Twenty-one years ago, I was pregnant with my second child. A boy. The stress of naming another human being was on me. What if it doesn’t suit him? What if he hates his name? What if it rhymes with a body part I hadn’t thought of? How do I know if it’s right?

The name rolling around in my head that I couldn’t get rid of: Gordon. After settling on this name, I knew from the expressions on the faces of those I told that this would not have been their first choice for the name of my soon-to-be-infant. I was asked why. Was it a family name? Was there some significance? This is all I knew: It felt right.
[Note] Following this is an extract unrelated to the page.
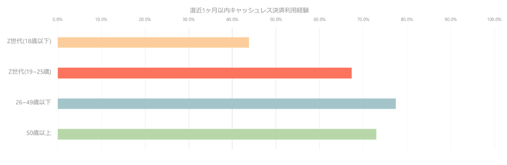 調査対象者に対し、キャッシュレス決済の直近1ヶ月以内での利用経験率を聴取し、世代別で比較したところ、他世代に比べZ世代の方がキャッシュレス決済を利用していないという結果が出た。

Gordon works as a barista at The Atom, and if you know him, you know his name suits him just fine. Originally, I had a back-up. I thought I would call him “Gordy” if “Gordon” was too much name for this child. But it never was. The name Gordon felt right from the beginning, and his character has brought that name to life since day one.

The Atom was created in that same way. I love the name. It was named at a time that my husband and I were embracing the Atomic Age in remodeling our home. The logo was created with science in mind. There is a definite science to the production of a good cup of coffee. The simplicity of the name has allowed us to grow and change to suit the needs of our customers and community. And I truly feel we have brought the name to life as we have evolved over the last three years. After all, atoms are building blocks – and we are building something great in our little shop.